Munger partnered with Buffett starting in 1959, and his influence on Berkshire can't be overstated. He famously pushed Buffett away from "cigar-butt investing"—the strategy of buying failing companies simply because they were cheap enough to squeeze out one last puff of value. Instead, Munger advocated for acquiring high-quality businesses at fair prices. That shift didn't just change Berkshire's portfolio. It redefined what value investing could mean.
A Life Built on Insight and Integrity
Munger served as Berkshire's vice chairman, but his reach extended well beyond that role. He held positions at Daily Journal Corp. and Costco, and built a reputation for commentary that was as sharp as it was unsparing. He had opinions on everything from market psychology to cryptocurrencies, and he wasn't shy about sharing them.

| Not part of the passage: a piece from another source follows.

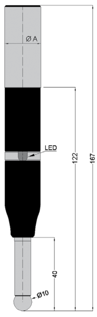 - horizontal und vertikal einsetzbar bei Kontakt der federnden Tastkugel mit dem Werkstück, leuchtet die LED

Born on January 1, 1924, Munger left the University of Michigan to join the U.S. Army Air Corps during World War II. He trained as a meteorologist and earned the rank of second lieutenant. After the war, he continued his meteorology studies at Caltech in Pasadena, California, which became his home for the rest of his life.

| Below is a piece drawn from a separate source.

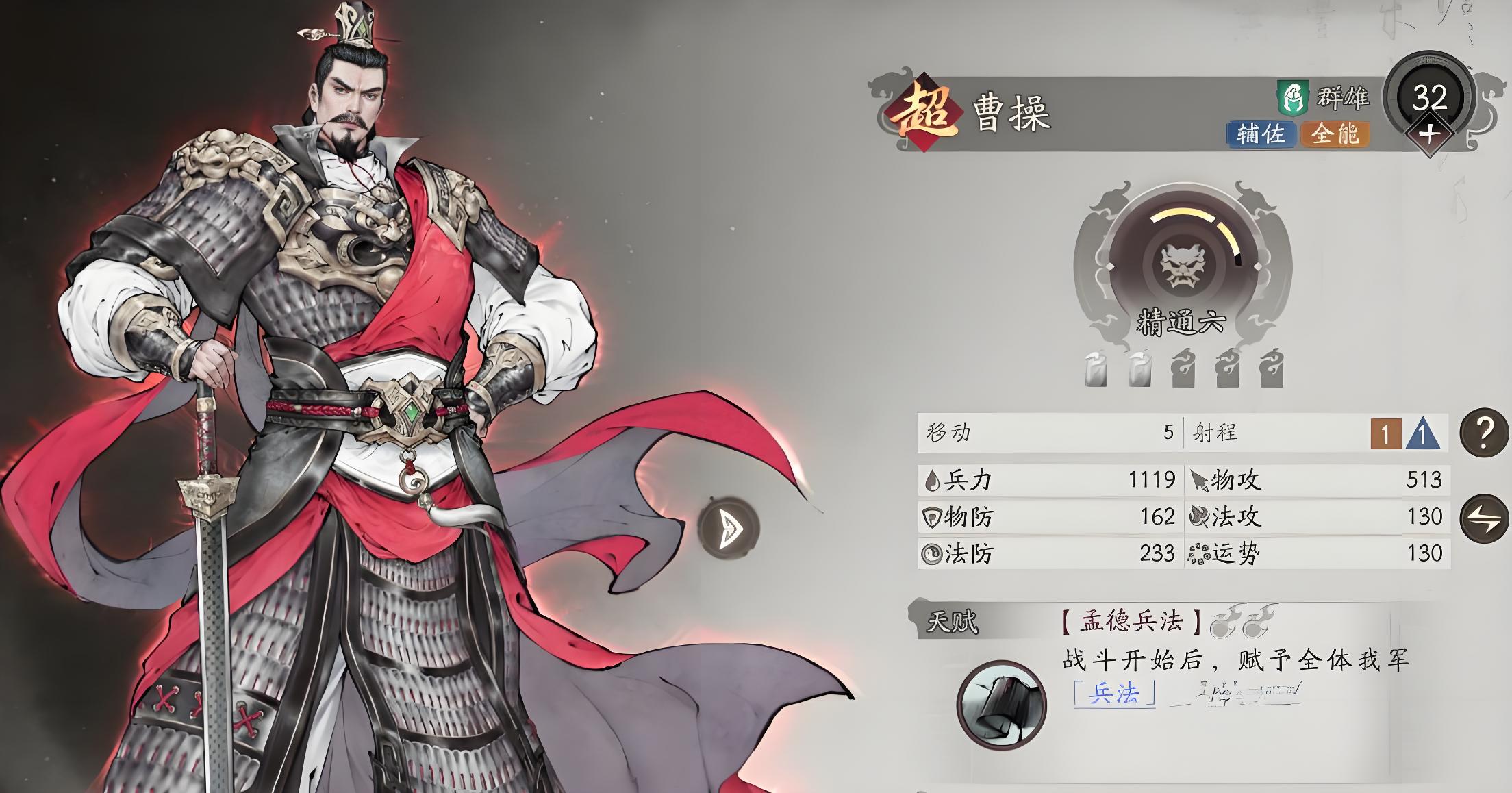 2、曹操屬團隊增益輔助,亂世奸雄技能給全隊加15%全屬性,搭副將卞氏額外提群體攻擊力,親兵系統助快速解鎖技能。

His legacy at Berkshire is built on more than investment philosophy. It's built on integrity, intellectual honesty, and the willingness to say what needed to be said, even when it wasn't popular. And yes, it's built on humor too—the kind that could turn a story about hearing loss into a lesson about listening.
Berkshire continues to perform strongly across multiple timeframes, maintaining the disciplined, long-term approach that both Buffett and Munger championed. The company's growth reflects the principles they built together, even as it moves forward without one of its founding voices.